HDAC11 is expressed in multiple organs and distributed in diverse organelles. It is primarily expressed in heart, kidney, smooth muscle (3), skeletal muscle (1416), brain (3, 15, 1720), testis (14, 21) and gall bladder (22). At cellular level, HDAC11 is abundant in the mitochondria of skeletal muscle cells, brain synapses (15), and the centrosomes of neurons from the dentate gyrus (19). But it locates predominantly in the cytoplasm of embryonic astrocyte precursors and mature cells (23), and the nucleus of activated astrocytes and oligodendrocytes (24). HDAC11 can be found both in the cytoplasm and the nucleus of newly isolated and unstimulated Treg cells (24), immature astrocytes and oligodendrocytes (23), retinal ganglion cells (25) and preadipocytes (26). In addition, HDAC11 is highly expressed in the rat brain, and pancreatic β cells (27).

Emerging evidence has indicated that HDAC11 is critically involved in physiological and pathological processes. HDAC11 has a variety of physiological functions, including immunomodulation (24, 2836), genomic stability (21, 3739), cell cycle progression (21, 40, 41), and nervous system development (42). Pathologically, HDAC11 plays a role in epithelial barrier dysfunction (4345) and ischemic injury (4648) and requried for the growth of several tumors (4956), such as hepatic carcinoma (5761), and lung cancer (62, 63). Moreover, it contributes to the development of some other diseases (56, 64), including hepatitis B (6567) and age-related macular degeneration (68).

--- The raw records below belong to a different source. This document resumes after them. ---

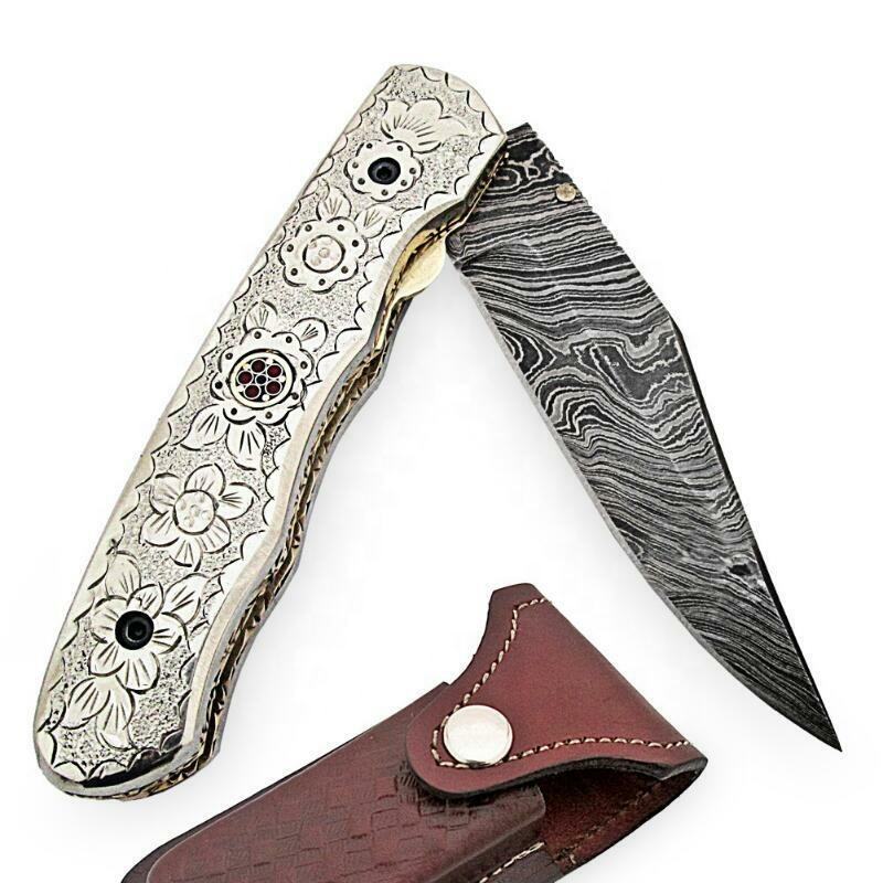 Nombre del producto:CUCHILLO PLEGABLE HERMOSO CUSTOM HECHO A MANO DE ACERO DE DAMASCO
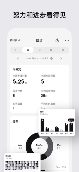 【简洁易用】直观的设计,零学习成本,一键开启专注,随时随地进入高效状态!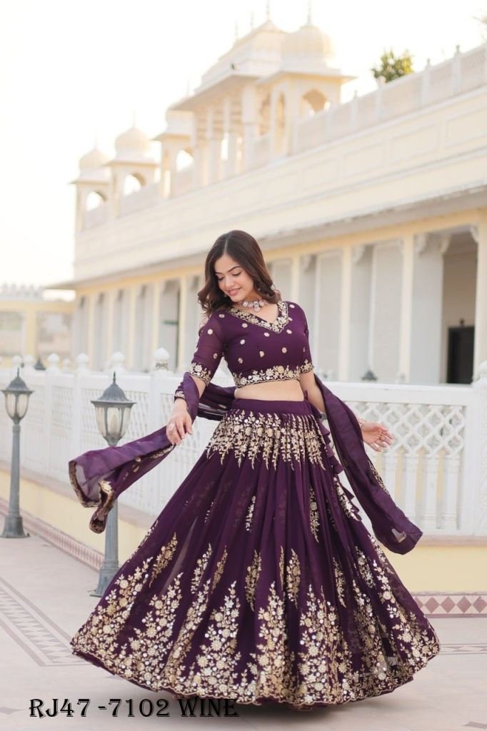 Shop This Trending Wine Embroidered Fully Flared Georgette Lehenga Made with Rich Sequins And Thread Embroidered Work With Stunning Blouse And Dupatta.

In the past two decades, HDACs have been revealed to be implicated in the regulation of multiple metabolic processes and pathogenesis of some metabolic disorders. For example, most class I HDAC members are associated with insulin resistance, energy metabolism and glucose homeostasis, and contribute to the pathogenesis of diabetes and its associated complications (69, 70), and obesity (71). Class II HDACs are required for regulating the transcription of genes associated with glucose homeostasis and hepatic gluconeogenesis (72). Moreover, HDACs are involved in the regulation of several events related to the pathogenesis of diabetes (i.e. oxidative stress, inflammation and fibrosis) and its associated complications (70, 73). Very recently, HDAC11 has been linked to the pathogenesis of obesity (74), diabetes, and diabetic complications (64, 75). Given that global deletion of HDAC11 in mice does not affect their development and health (24), pharmacological inhibition of HDAC11 could be a potential therapeutic approach for the treatment of metabolic disorders. In this review article, we summarize the role and possible mechanisms of HDAC11 in metabolic disorders, including obesity, metabolic inflammation, and diabetes and its complications, and provide detailed information about HDAC11 inhibitors developed so far.

HDAC11 in obesity

Obesity is an excessive fat gain due to unbalanced energy intake and consumption (76), and its prevalence rises yearly in children and adults (77). HDAC11 is related to obesity in multiple ways.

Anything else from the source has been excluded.